Whiskey was sold for 5 cents for a large glass and the cheaper mixture of water and camphor, which by all accounts was a fierce mixture. They could also buy hot punch which was a foul mix of whiskey, rum, camphor, benzine and cocaine sweepings, which is said to contain a case of delirium tremens in every drop, that sold for 6 cents a glass. Some dive bars would sell two drinks for a nickel between 5 & 5.30am every day and sometimes would need to call in the police to keep the cues in order.
Some of the Bums that could be found in these bars were once born into rich and well to do families, one was once a wealthy merchant from Baltimore, another was from a rich family in Boston, who had attended Harvard. And another who was known as The Scholar who claimed to have been to Yale. The Scholar would sell poems for two drinks or a small sum of cash. These poems were put to use by other Bums who would use blindness as their graft. This is one such poem
Help a poor blind man and dont turn him away
Just give him a dime and for you he will pray
You may get afflicted the same one day
Help a poor blind man and dont turn him away
Some of the Bums preyed upon the public by simulating cripples. The owner of one dive would provide storage for crutches and canes while they drank their days earnings.

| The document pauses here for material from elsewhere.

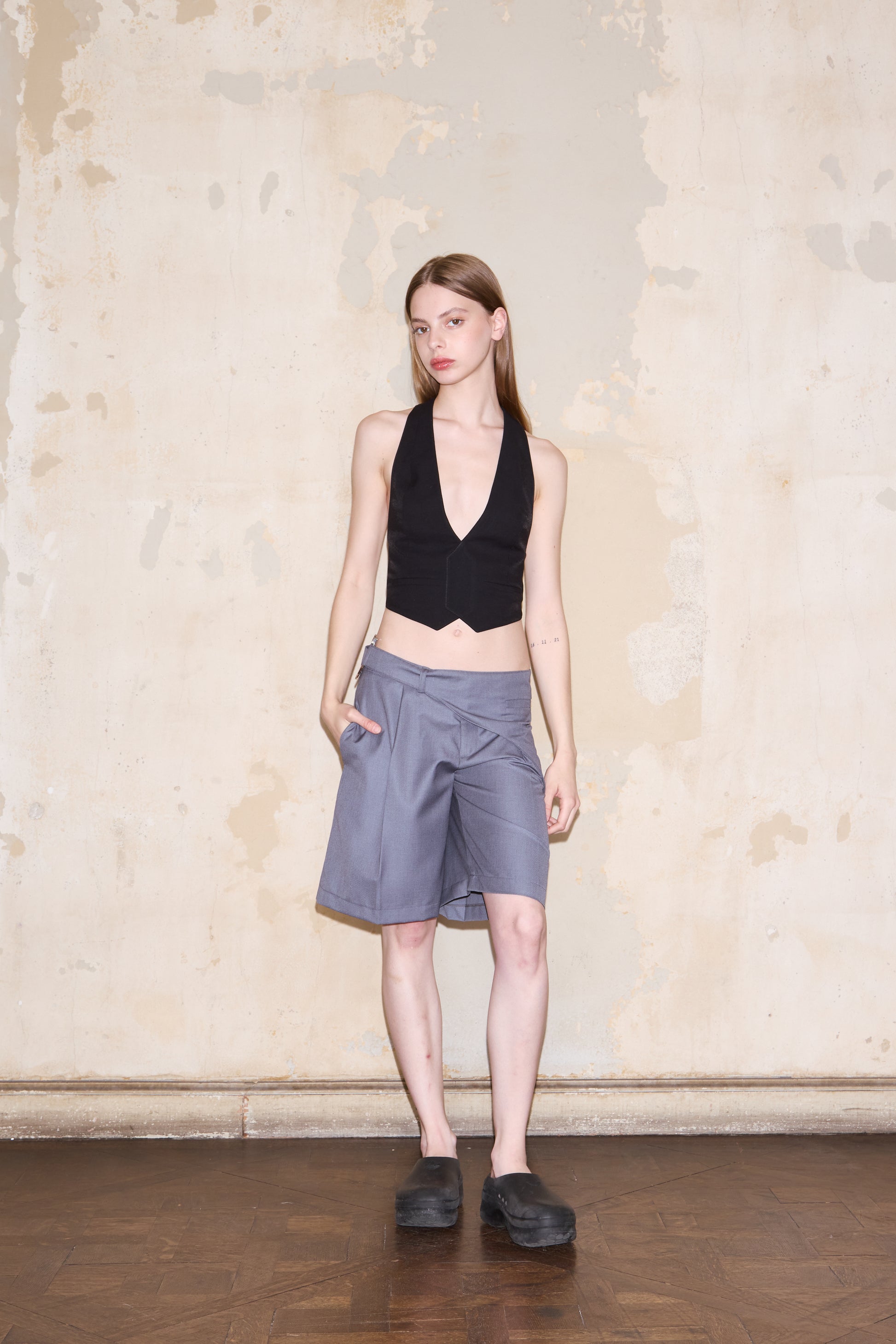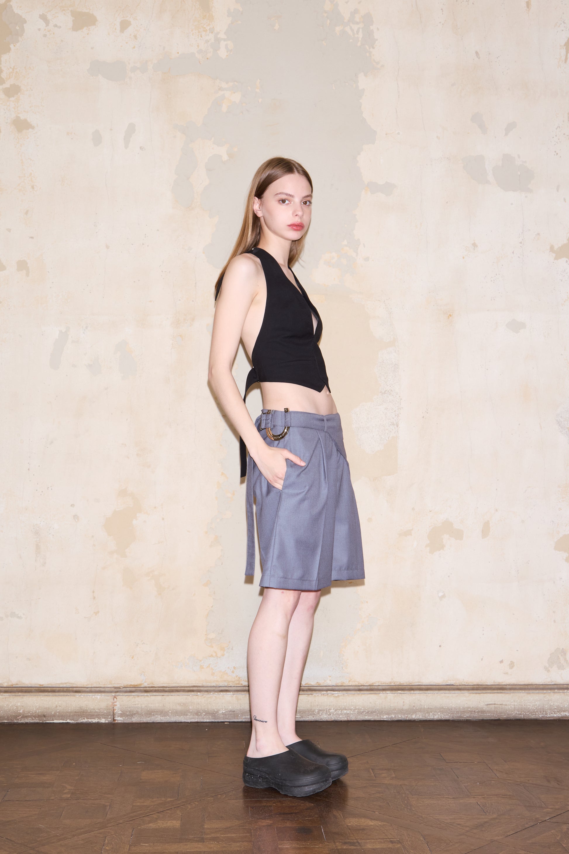 Bermudas a la rodilla con cinturon/cartera desmontable en forma de montura con bolsillo que pasa por presillas. Cierra en el frente con 1 herradura ESQUINA.

One of the best known Bums of the time was Tom Frizzell, known as the king of the panhandlers. Tom usually sat in a bar where the portraits of 14 Presidents hung above the bar, he said they gave him luck as he had never been without money to pay for a bed for the night.
Another Bum who was a resident at the Doctors dive bar was Jack Dempsey. Jack earned his nights lodgings by washing glasses and scattering sawdust on the floor. Jack Dempsey was the lowest in the order of Bums he was a camphor fiend and cocaine addict, when he could afford whiskey he would add 8 or more drops of camphor to it. When he would be crashing he would plunge a needle full of cocaine into his arm. In this world he people who would inject were the aristocrats, lower down were the sniffers who would snort the coke and lower down were the ice cream eaters who would chew rocks of cocaine, opium or morphine.
Some places would fit iron bars to the walls and iron poles a few feet away and lash ropes to them to make some kind of bed, Bums and other drinkers who got too drunk would be carried to these to sleep off the effects.